Pictures appear among the records below and must be omitted. Repeat exactly the lines from the line with "汾酒党委书记、董事长袁清茂为拔河比赛决赛开哨。" to the line with "<B>1795 $1 Flowing", both included.

##### INPUT DATA #####

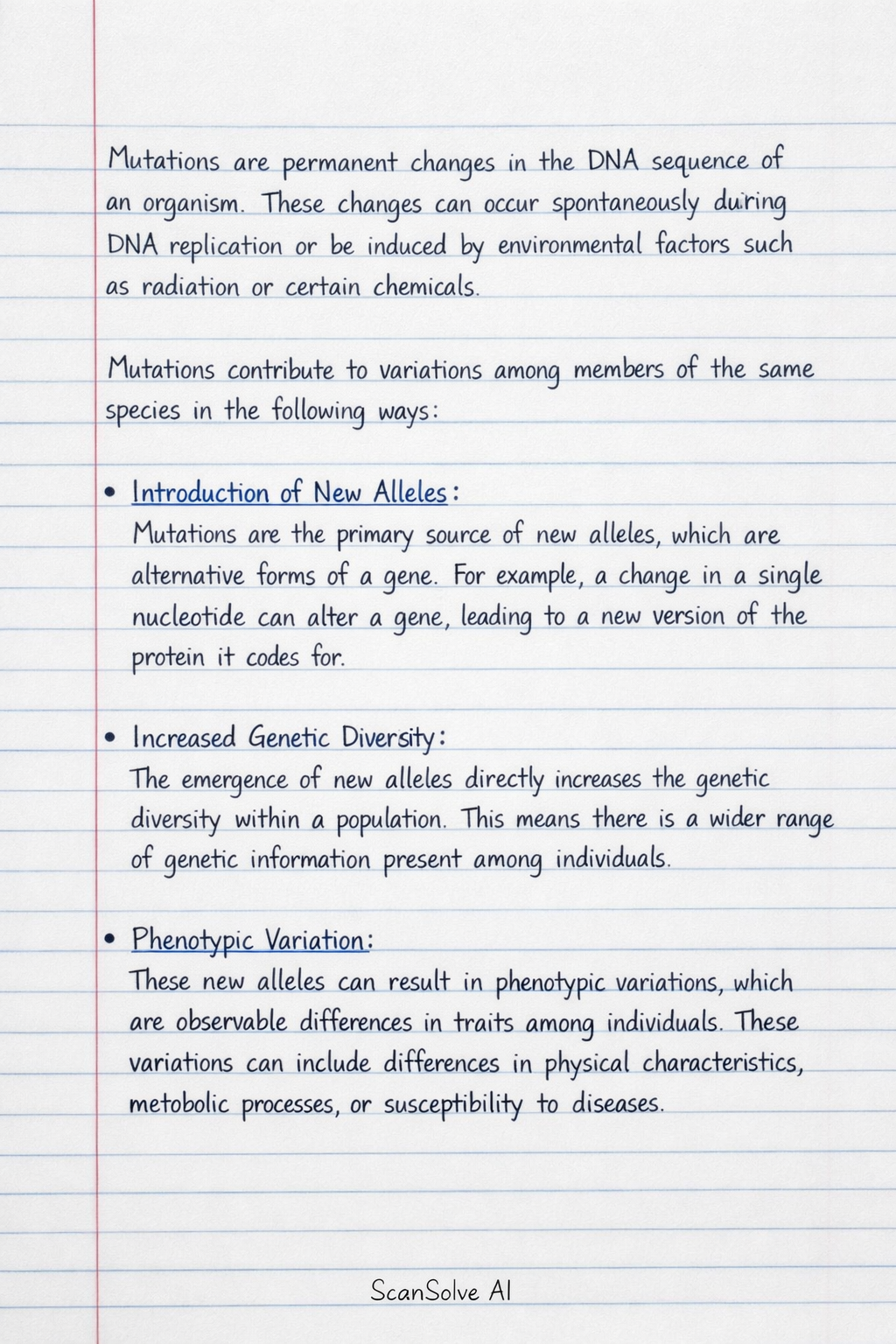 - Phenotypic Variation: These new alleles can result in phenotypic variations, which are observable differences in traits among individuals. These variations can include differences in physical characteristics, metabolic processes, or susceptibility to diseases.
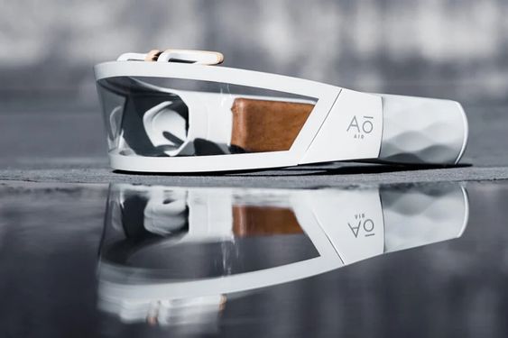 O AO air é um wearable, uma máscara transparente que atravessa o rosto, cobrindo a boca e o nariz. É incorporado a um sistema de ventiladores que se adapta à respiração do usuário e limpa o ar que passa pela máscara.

#####
##### INPUT DATA #####

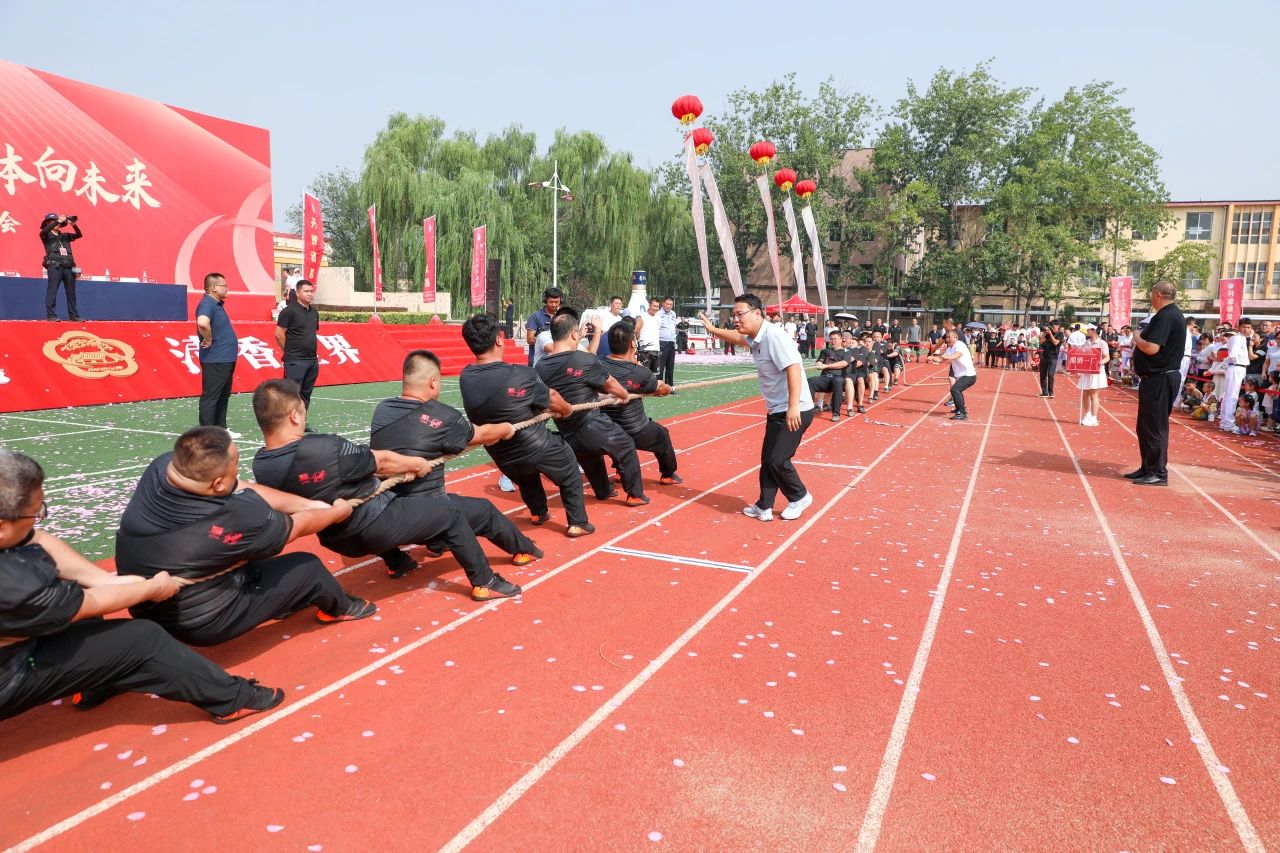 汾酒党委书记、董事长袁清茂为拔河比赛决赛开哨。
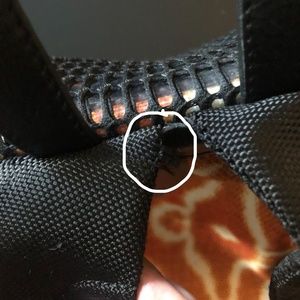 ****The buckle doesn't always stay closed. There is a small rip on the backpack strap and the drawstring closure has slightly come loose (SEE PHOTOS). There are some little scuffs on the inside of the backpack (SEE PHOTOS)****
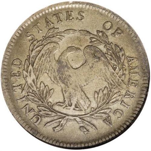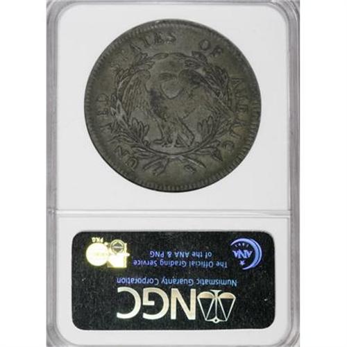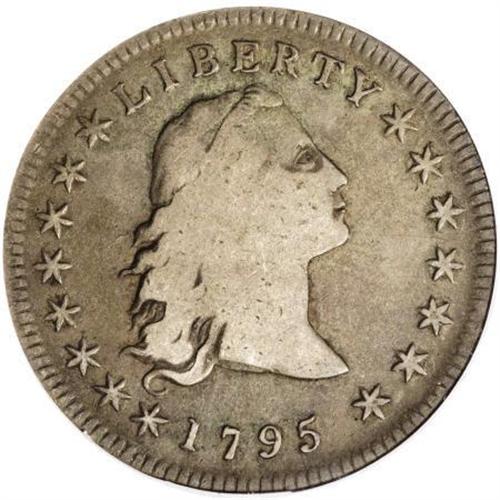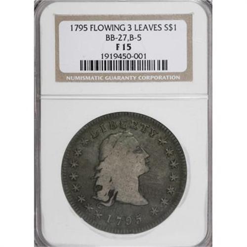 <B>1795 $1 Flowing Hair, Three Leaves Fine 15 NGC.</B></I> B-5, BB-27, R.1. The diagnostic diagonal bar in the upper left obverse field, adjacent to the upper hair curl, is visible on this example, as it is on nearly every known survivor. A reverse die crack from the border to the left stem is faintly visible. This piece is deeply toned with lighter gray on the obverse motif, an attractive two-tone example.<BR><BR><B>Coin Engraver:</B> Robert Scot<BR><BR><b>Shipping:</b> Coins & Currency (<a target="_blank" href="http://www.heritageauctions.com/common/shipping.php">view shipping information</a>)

#####
##### INPUT DATA #####

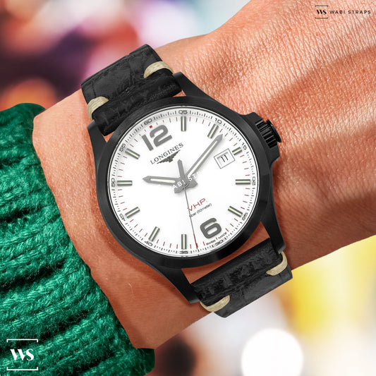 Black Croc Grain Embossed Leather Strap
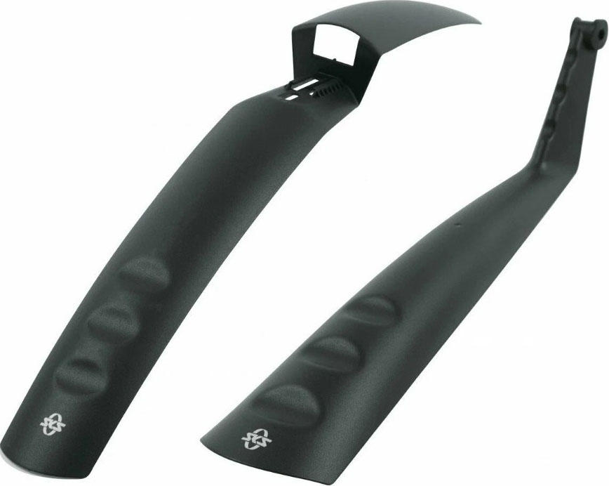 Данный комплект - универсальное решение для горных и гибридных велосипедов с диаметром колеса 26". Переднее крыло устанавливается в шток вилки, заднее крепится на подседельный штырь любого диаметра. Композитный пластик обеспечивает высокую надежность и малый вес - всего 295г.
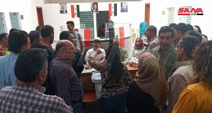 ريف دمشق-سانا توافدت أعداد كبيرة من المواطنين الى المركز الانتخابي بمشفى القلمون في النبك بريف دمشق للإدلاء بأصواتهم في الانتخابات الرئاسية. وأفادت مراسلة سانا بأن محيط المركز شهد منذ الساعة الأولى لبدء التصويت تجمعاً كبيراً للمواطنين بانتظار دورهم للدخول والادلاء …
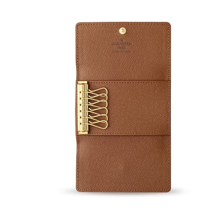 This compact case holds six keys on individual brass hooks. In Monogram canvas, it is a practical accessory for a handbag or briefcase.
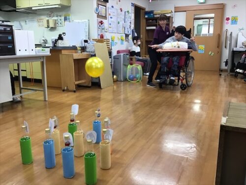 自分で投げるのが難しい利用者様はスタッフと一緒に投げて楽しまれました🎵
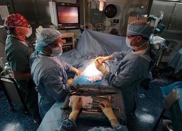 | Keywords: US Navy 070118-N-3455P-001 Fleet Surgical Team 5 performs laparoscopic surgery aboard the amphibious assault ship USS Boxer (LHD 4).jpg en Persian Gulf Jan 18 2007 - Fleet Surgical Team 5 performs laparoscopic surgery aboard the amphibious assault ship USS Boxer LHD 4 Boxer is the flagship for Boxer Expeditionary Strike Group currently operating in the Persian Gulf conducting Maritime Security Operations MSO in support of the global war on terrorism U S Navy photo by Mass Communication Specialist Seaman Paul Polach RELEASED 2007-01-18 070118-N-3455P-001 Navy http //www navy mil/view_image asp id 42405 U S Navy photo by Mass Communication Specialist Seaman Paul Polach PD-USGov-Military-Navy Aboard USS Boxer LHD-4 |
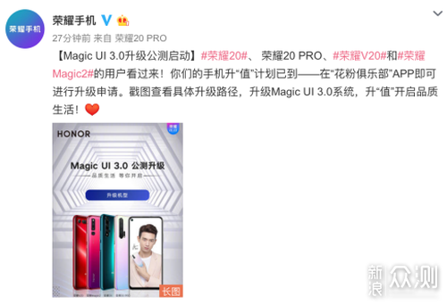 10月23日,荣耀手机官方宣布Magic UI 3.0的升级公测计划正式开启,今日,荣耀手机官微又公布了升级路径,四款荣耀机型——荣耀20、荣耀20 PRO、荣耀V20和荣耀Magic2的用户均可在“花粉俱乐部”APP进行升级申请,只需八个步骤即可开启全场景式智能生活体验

#####

▸ TASK SOLUTION
 汾酒党委书记、董事长袁清茂为拔河比赛决赛开哨。
 ****The buckle doesn't always stay closed. There is a small rip on the backpack strap and the drawstring closure has slightly come loose (SEE PHOTOS). There are some little scuffs on the inside of the backpack (SEE PHOTOS)****
 <B>1795 $1 Flowing Hair, Three Leaves Fine 15 NGC.</B></I> B-5, BB-27, R.1. The diagnostic diagonal bar in the upper left obverse field, adjacent to the upper hair curl, is visible on this example, as it is on nearly every known survivor. A reverse die crack from the border to the left stem is faintly visible. This piece is deeply toned with lighter gray on the obverse motif, an attractive two-tone example.<BR><BR><B>Coin Engraver:</B> Robert Scot<BR><BR><b>Shipping:</b> Coins & Currency (<a target="_blank" href="http://www.heritageauctions.com/common/shipping.php">view shipping information</a>)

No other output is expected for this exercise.